Барменша улыбнулась:
— Боюсь, что нет. Просто захотелось оживить обстановку.
— Такой красотке, как ты, не дело самой цветы себе покупать, — заявил он. — И оживлять обстановку.
— Ничего страшного, мне не трудно. — Барменша повернулась ко мне, вопросительно распахнула глаза: — Что будете?
— «Джеймсон» с содовой, пожалуйста, — попросил я.
Он тут же посмотрел на меня:
— А ты как думаешь, сынок?
— Я стараюсь вообще не думать.
— Вот, девушка сама покупает себе цветы. А все потому, что у нее нет нормального мужика.
Я заплатил за виски и удалился на свое место.
— Вот болван, — сказал он мне вслед.
Я опустошил бокал наполовину. Мимо прошла барменша, собирая пустые стаканы. Улыбнулась мне. Она еще ни разу не упомянула Кэтрин или мои недавние расспросы. Похоже, поняла, что мне просто некуда идти.
Назойливый тип не спускал глаз с барменши и, как только она ушла вглубь зала, перегнулся через барную стойку и вытащил букет из кружки. От неловкого движения цветочные стебли переломились. Он распрямил их, стряхнул воду и спрятал цветы под стойку.

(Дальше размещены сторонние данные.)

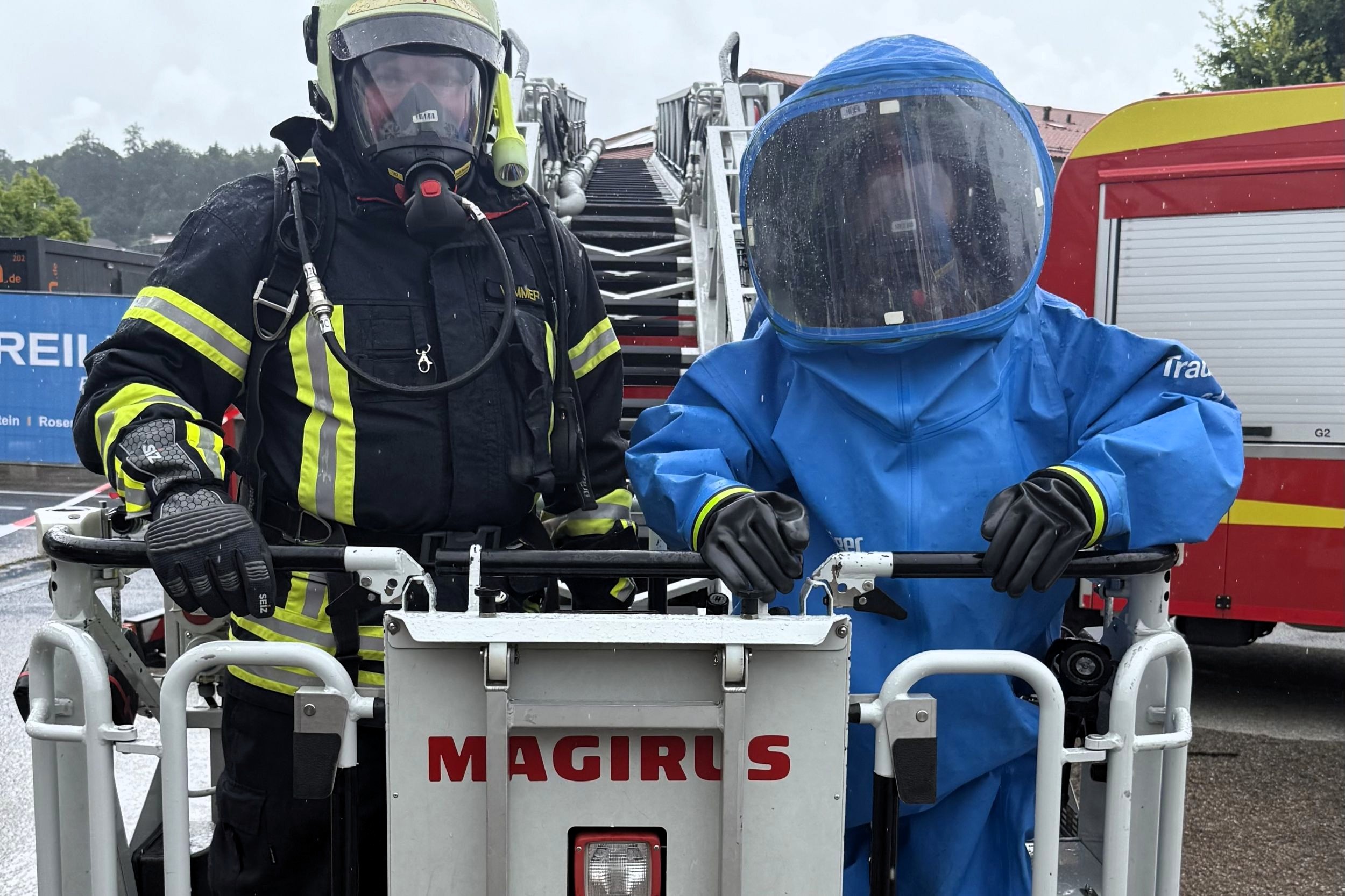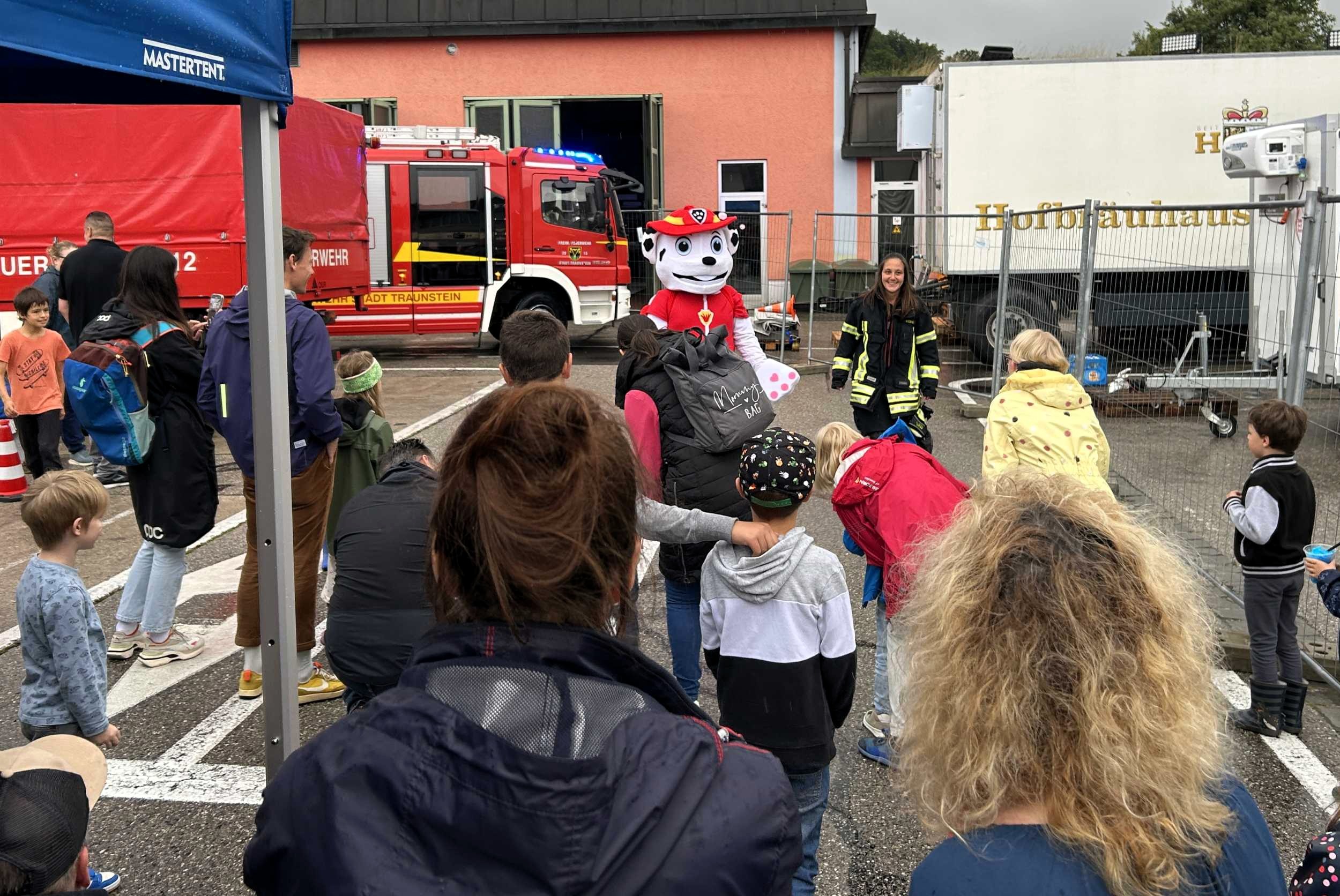 „Wasser Marsch“ lautete duzende Male der Befehl beim Schlauchwettrennen. Mit einem C-Strahlrohr konnten dort zwei rollende Feuerwehrautos entlang einer Rennstrecke geschoben werden. Für leuchtende Augen sorgte auch der Besuch von „Marshall“ von der Kinderserie „Paw Patrol“. Für Aufsehen sorgten auch die „Feuerwehrmodells auf dem Laufsteg“. Sie präsentierten verschiedene Schutzausrüstungen wie Chemikalienschutzanzüge, die Atemschutzausrüstung oder auch die „Imker-Ausrüstung“.

Барменша вернулась с полной корзиной порожних бокалов, кружек и бутылок, поставила ее на стойку. Назойливый тип молча смотрел, как Мэл сгружает грязные стаканы в посудомойку. Немного погодя, ненадолго оторвавшись от посуды и приготовления заказов, барменша заметила, что цветы исчезли. Она недоуменно поглядела вокруг и повернулась к посетителям у стойки.
Мужчина вытащил букет.
Протянул его барменше, будто подарок.
Она не взяла цветы. Он призывно помахал букетом. Она потянулась за цветами, но он их не выпускал. Сидел и ухмылялся. Потом все-таки отдал букет. Барменша подошла к раковине, наполнила новую кружку, опустила в нее измочаленные цветы и замерла, не оборачиваясь.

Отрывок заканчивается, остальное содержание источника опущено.